Вот это она зря загнула. Историю о том, как три жопы (мамина, моя и Стешкина) взгромоздились на хрупкую шею шестнадцатилетней Айки, Инесса уже давно знает от Эллочки. А хоть бы и не знала…
И Германовна не заставила себя ждать:
— Настенька, хватит уже мне пизду в лапти обувать, — и тут же почти ласково: — Да ты кури, не стесняйся, у меня ещё есть. И ноздри не раздувай, я всё же побольше тебя на свете живу и сказочников на раз определяю. У меня, кстати, сынок постарше тебя будет… почти такой же дурачок
— Слышь, ты, — взъерепенилась мама, а я, забыв о головной боли, соскочила с кровати и приготовилась разнимать драку, — не хер меня жизни учить, поняла? И мне плевать, сколько тебе лет, хоть сто! Ты только одного дурака воспитала, а у меня их четверо!

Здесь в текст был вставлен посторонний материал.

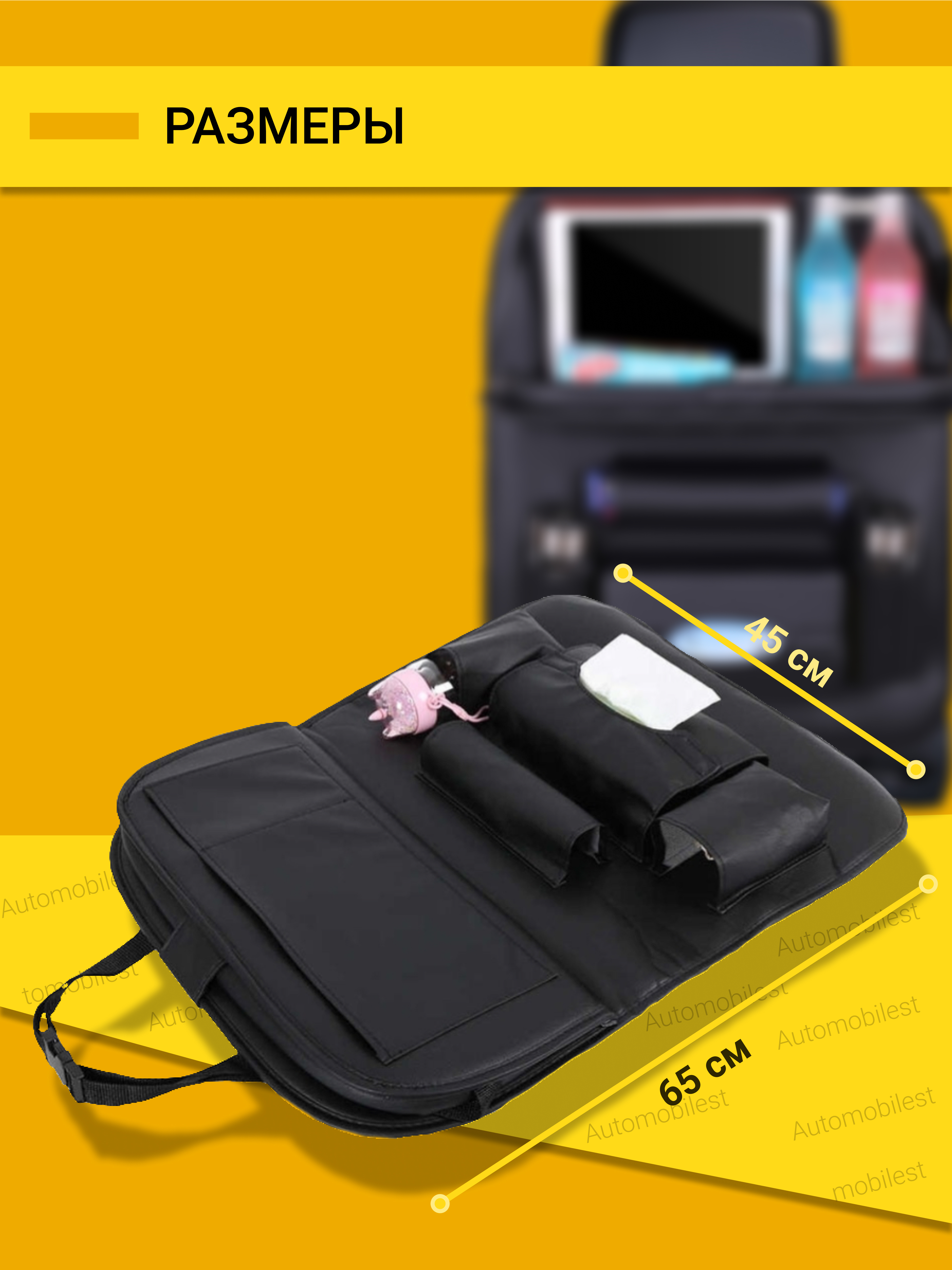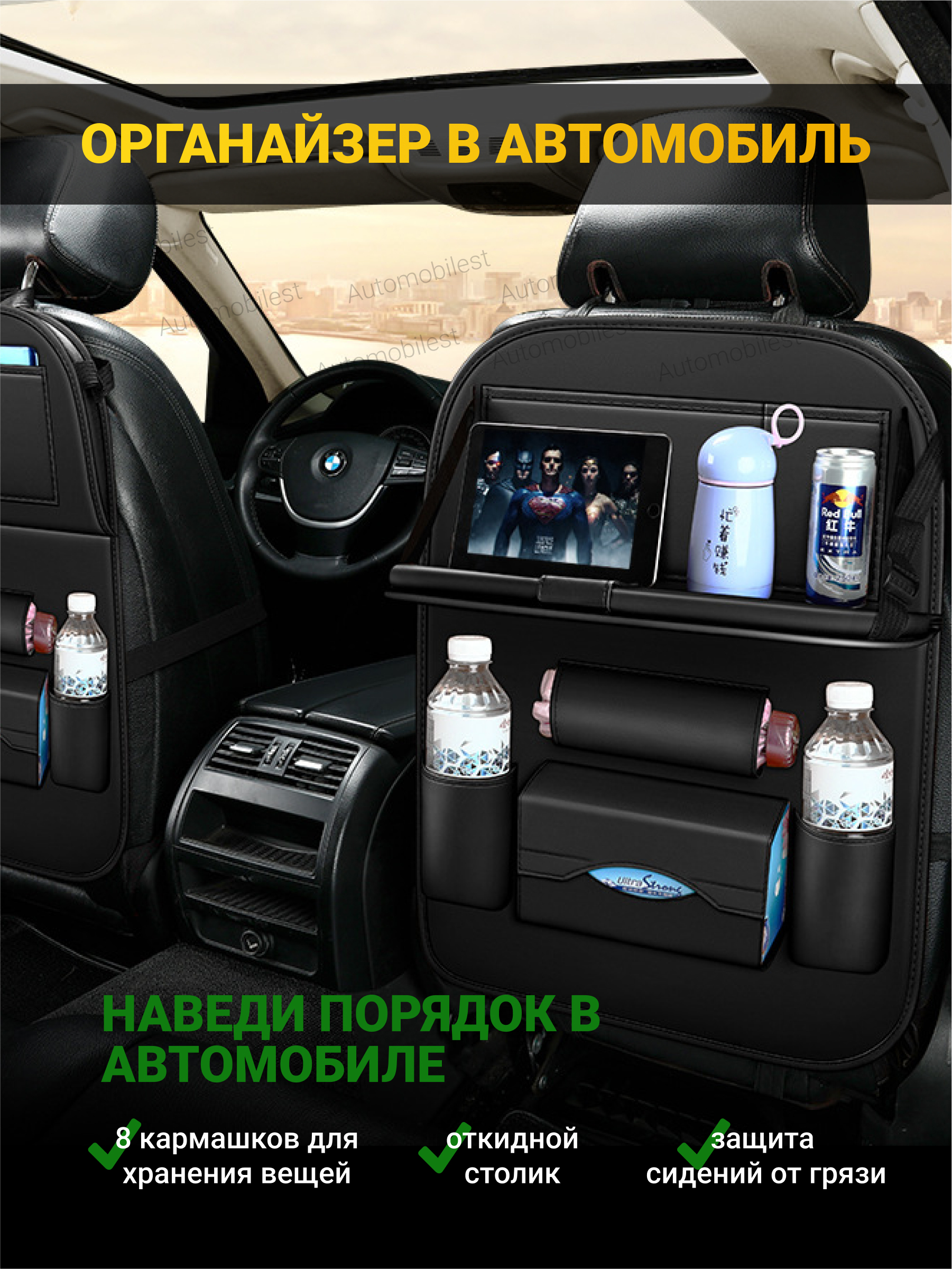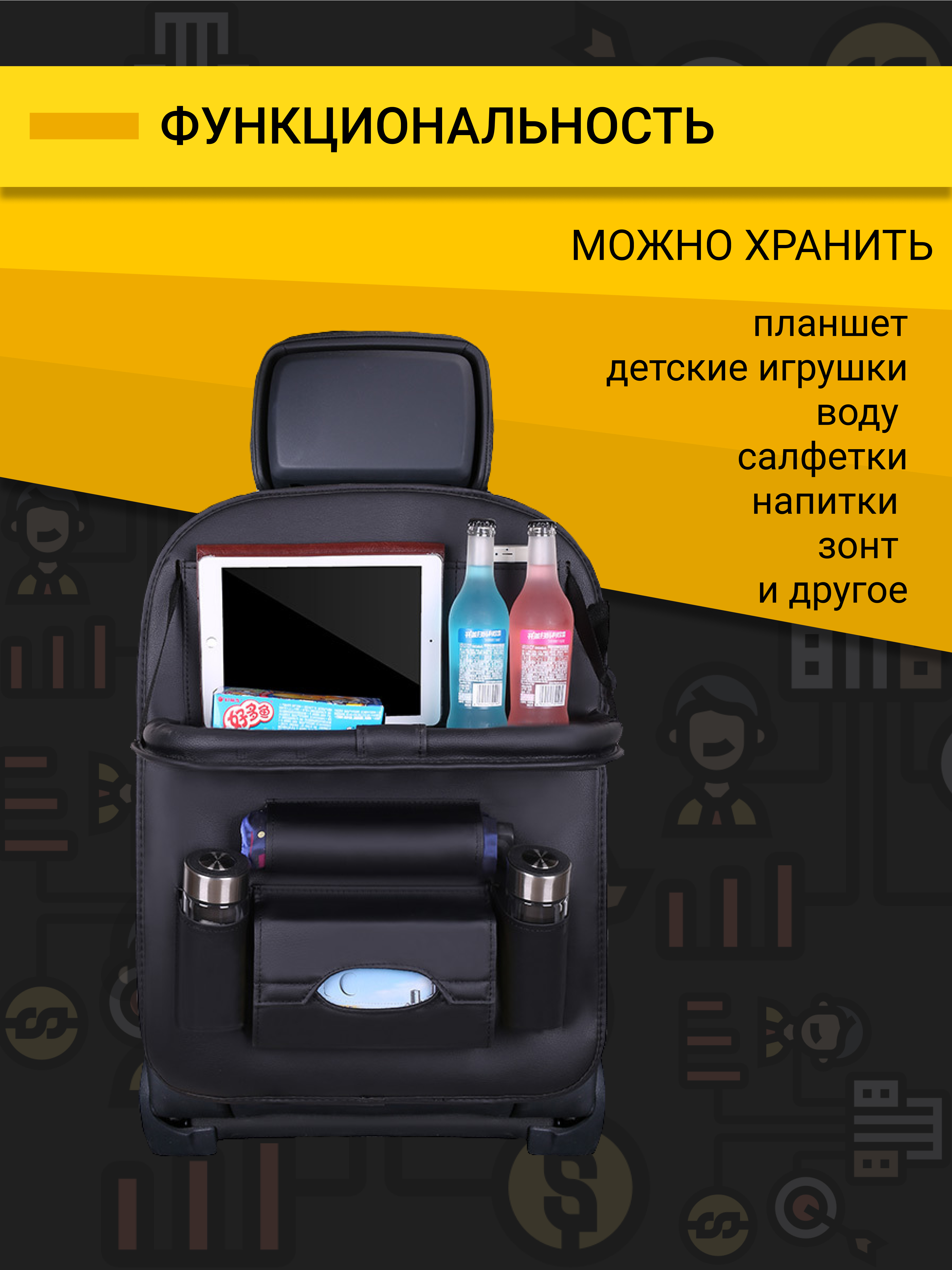 Органайзер на спинку сиденья автомобиля со столиком из экокожи

Мама, да заглохни ты, дура!
— Ну, не скажи, — хихикнула Инесса, — девчонки у тебя умненькие. В отцов, наверное?..
— Да что ты знаешь об их отцах? Эти сволочи всю мою жизнь изломали! Один бегемот рыжий почти двадцать лет у меня отнял. Я ж думала — от чокнутой мамаши сбегу, а его мать ещё хуже оказалась. А что я тогда понимала? Я же совсем молоденькая была и невинная, пока этот чёртов Скрипка не совратил меня.
— Невинность, Настюш, это чистота души и помыслов, её хером не проткнёшь.
— Ошибаешься! Потому что Рябинин, паскуда, мне свой хер в самую душу вонзил! — взвыла мама, и я рванула на террасу, но продолжение заткнуть не успела: — Он же меня изнасиловал!
— Рот закрой, чокнутая! — даже не взглянув на Инессу, я нависла над распалившейся родительницей.
— Ещё чего, пусть все знают, что мне пришлось пережить! Они всю ночь целой толпой рвали моё тело! Но я выжила и даже родила Айку, плод целой банды насильников!.. Шурка, сучка, не смей закрывать мне рот.
А уже готова порвать эту лживую пасть, и убить готова, потому что у подножья террасы застыли наши мальчишки и побледневшая Стешка.
— А вот и наш Вадюша! — радостно пропела мама. — А ты разве не знал, что твой папаша насильник?
— Тёть Насть, Вы не в себе? — глухо просипел Рябинин. — Вы что несёте?
— Правду несу! И я тебе не тётя, придурок! Думали, я буду молчать? Херушки! И мне на хрен больше не нужны ваши сраные подачки! Всё, назад полетите без меня! Ясно вам?
— Мам, ты чего? П-перестань, — Стешка, поджав дрожащие губки, шагнула к нам.
— А то, что тебе я больше тоже не нужна! Никому не нужна, кроме Настика. А он любит меня, ясно⁈ И я улетаю к нему на Сицилию!
— Так он ещё и сицилиец? — прогудел Геныч.
— Да, крокодил страшномордый! Больше я твою рожу не увижу, потому что выхожу замуж за итальянца!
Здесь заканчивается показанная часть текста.